Everyone talks to themselves — sometimes quietly and sometimes out loud.
Because self talk influences self confidence and self esteem, the way we talk to ourselves influences what we believe about ourselves. It influences what we do, what we think, how we speak, how we frame experiences, and how we interact with others.
During the past weeks, my self talk has revolved around writing blog posts. August wasn’t a productive month for writing as summer diversions interfered. The reasons — travel to New York City, taking care of our grand-daughter, entertaining overnight guests, taking time to attend a funeral and a memorial event, summer theatre excursions, day trips, and beach afternoons. The result — little time in front of the computer screen which is the first requisite for writing.
Of course, the lack of writing output gave opportunity my critical inner voice. Often the messages came as commentary indicating laziness, lack of creative ideas, or lack of interest. Sometimes the inner voice told me I should give up writing blog posts. Fortunately positive messages balanced the negatives reminding me that every writer suffers setbacks, that my idea book remains filled with topics for blog posts, and that a certain amount of goofing off happens during the summer.
Positive vs Negative Self Talk
Positive self talk affirms good experiences and reinforces good things that are happening. It might sound like “I can learn coding skills by practising” or “I’m taking care of my health by eating nutritious foods rather than junk.”
Negative self talk demeans skills and accomplishments.

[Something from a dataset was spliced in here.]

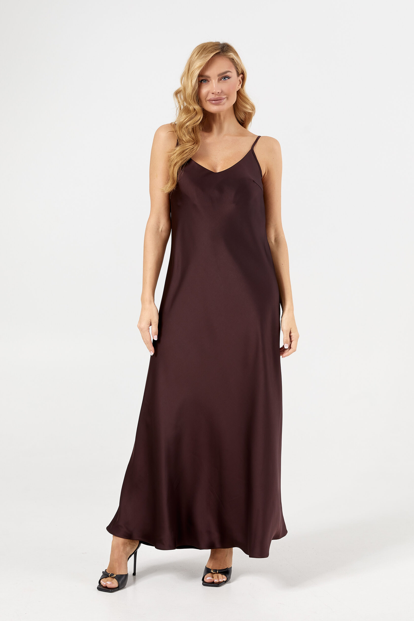 Склад: бавовна - 31 % віскоза - 67 % еластан - 2 % Стильна довга сукня на брительках у піжамному стилі виконана з щільної тканини, що нагадує шовк. Модель ніжно обтікає фігуру, приховує недоліки та підкреслює жіночність. Лаконічний дизайн робить сукню універсальною: її можна поєднувати з блузою, светром або топом, легко трансформуючи образ від casual до офісного чи вечірнього. Сукня поєднує комфорт, стиль і витонченість в одному виробі, ставши базовим елементом гардеробу для будь-яких подій.

It might sound like “I’m a loser; I’m no good at this; I’m a failure at blogging”. The result is a destructive belief system. Telling yourself that you are a failure may set up events that create experiences of failure. Replacing negative self talk with encouraging yet realistic self talk helps to set a course based on a positive story.

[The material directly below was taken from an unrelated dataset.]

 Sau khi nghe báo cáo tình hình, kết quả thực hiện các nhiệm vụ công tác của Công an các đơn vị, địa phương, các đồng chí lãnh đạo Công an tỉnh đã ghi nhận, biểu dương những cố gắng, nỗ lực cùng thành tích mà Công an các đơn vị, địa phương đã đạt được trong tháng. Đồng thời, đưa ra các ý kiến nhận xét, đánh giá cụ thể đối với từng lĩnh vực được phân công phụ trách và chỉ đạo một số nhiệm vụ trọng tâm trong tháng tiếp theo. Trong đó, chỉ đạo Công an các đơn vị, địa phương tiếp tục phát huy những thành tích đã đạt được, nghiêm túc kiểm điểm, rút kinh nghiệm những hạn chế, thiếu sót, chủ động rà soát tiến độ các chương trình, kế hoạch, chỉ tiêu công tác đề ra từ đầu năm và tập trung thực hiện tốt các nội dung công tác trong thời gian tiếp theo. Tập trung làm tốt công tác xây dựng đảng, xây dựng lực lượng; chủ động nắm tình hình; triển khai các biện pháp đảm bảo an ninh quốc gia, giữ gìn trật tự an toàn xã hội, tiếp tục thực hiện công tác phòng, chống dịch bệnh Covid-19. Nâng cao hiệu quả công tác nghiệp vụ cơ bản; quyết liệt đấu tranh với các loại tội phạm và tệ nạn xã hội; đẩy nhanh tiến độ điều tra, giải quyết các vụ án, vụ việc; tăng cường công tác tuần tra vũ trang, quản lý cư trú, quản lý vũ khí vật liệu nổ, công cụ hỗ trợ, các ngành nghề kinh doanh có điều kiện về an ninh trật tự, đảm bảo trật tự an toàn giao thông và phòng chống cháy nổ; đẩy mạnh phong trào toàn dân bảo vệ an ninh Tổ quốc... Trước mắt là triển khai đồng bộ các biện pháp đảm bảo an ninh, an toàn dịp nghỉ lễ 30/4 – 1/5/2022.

Learning to observe our self talk allows an evaluation of other life happenings. Self talk can be instructional helping one to steer through tasks, especially when facing something like a writing drought or when learning a new skill. Self talk can motivate. When the inner voice gives messages like “let’s go” or, “just get started” it can encourage action.
Self talk affects performance. What we say to ourselves determines success and failure as it influences what we believe about ourselves. When we construct the narrative of our lives, it’s the self talk, the inner voice, that shapes the story of who we are now, where our life has been, and where it is going.

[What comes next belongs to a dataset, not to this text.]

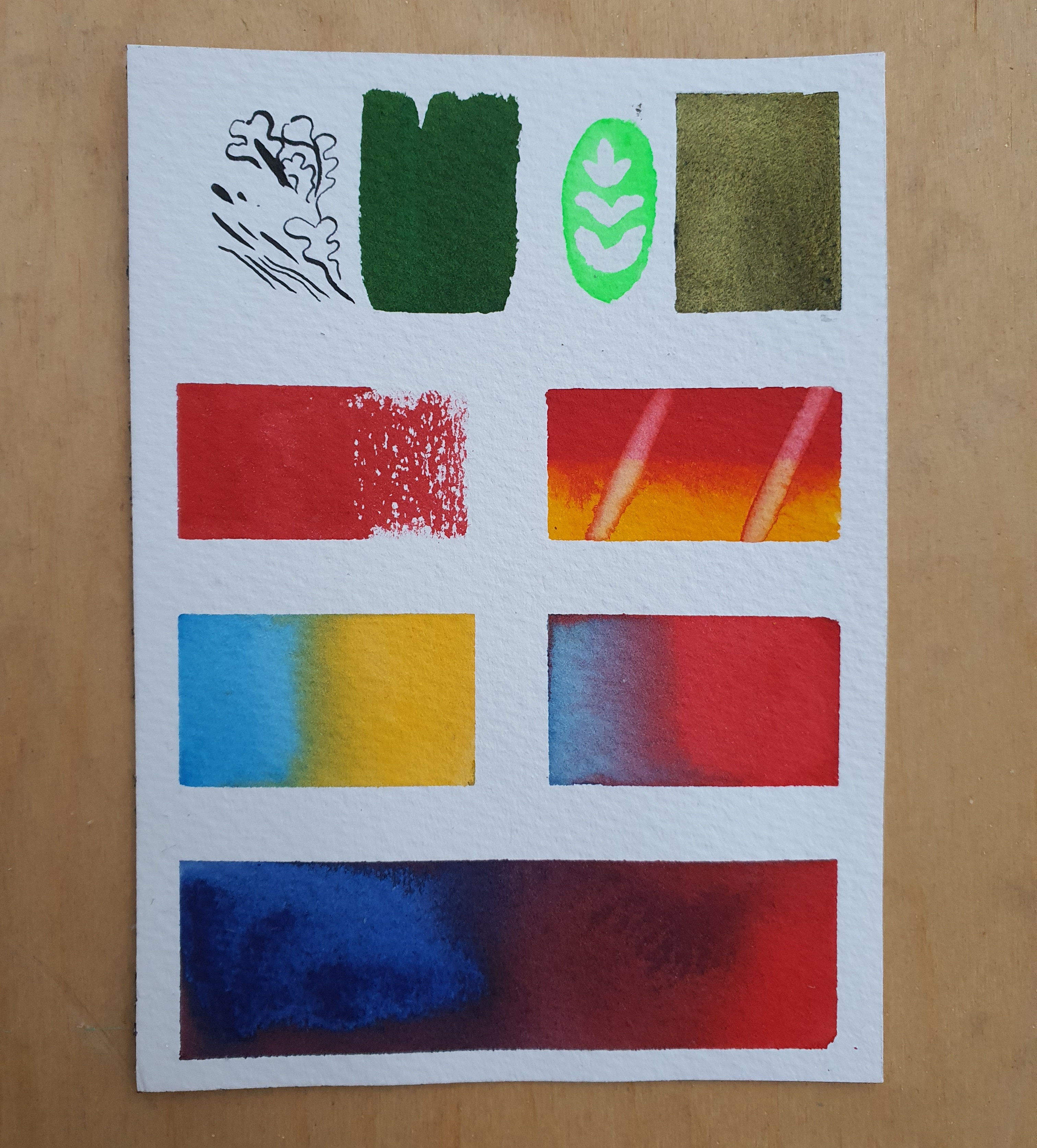 Краски: Van Gogh, Dusk Yellow, Неоновая зеленая Movemoon, Mijello, Permanent yellow deep, Mijello, Ceruleum, PWC, Phtalo Blue(Red Shade), PWC, Permanent red.

Everyone experiences setbacks. How a setback is processed in our mind makes all the difference. When I think about the August writing drought, I’ll be gentle and forgiving with myself rather than giving it a negative evaluation. Now, Jeanette, aka postworksavvy, let’s get back to the writing routines and write 500 words today!
I’m using mindfulness – my problem with self talk is that the waking self talk is sometimes a stream on anxities – especially when at home and not going out for day. Once I am up and about and have done a few things then it normally becomes more optimistic or more accurately accepting that a lot of stuff won’t get done that day – I invariably overload my “to do” list when at home. Thanks for your post – and hope your 500 words turned up!
Most of us have a bad habit of planning too many things for one day! I’m still working on keeping a manageable list. I did crank out the 500 words on several days last week!
Be well,
Jeanette
Hi Jeanette,
Self-talk is SO HARD to change! But it can be done. I am a good example of the positive results of that. Many years ago, 32 years to be exact, I was shocked when I learned from my husband that he was leaving. For the next 15 months, I was desperately upset and confused about what was happening to my family and what I could do about it (basically nothing!). From a counselor I learned that I didn’t have to believe the mean things that the man was saying to me, and that I could challenge and refute them all. Inside my own head! This was great news! I learned about affirmations and bought several pocket-sized books with daily affirming statements. They truly changed my life. Recently, a friend’s daughter began posting similar affirmations on Facebook, and they have helped me get through another rough time (moving house last year, and adjusting to my new circumstances). I can’t speak enough about how important self-talk is, and how any person can learn to use it in a good way. Thanks for this post!
You’ve given two great examples for using positive self- talk! When you’re using positive affirmations, do you speak to yourself and using your name? Apparently use of your name is extra reinforcement!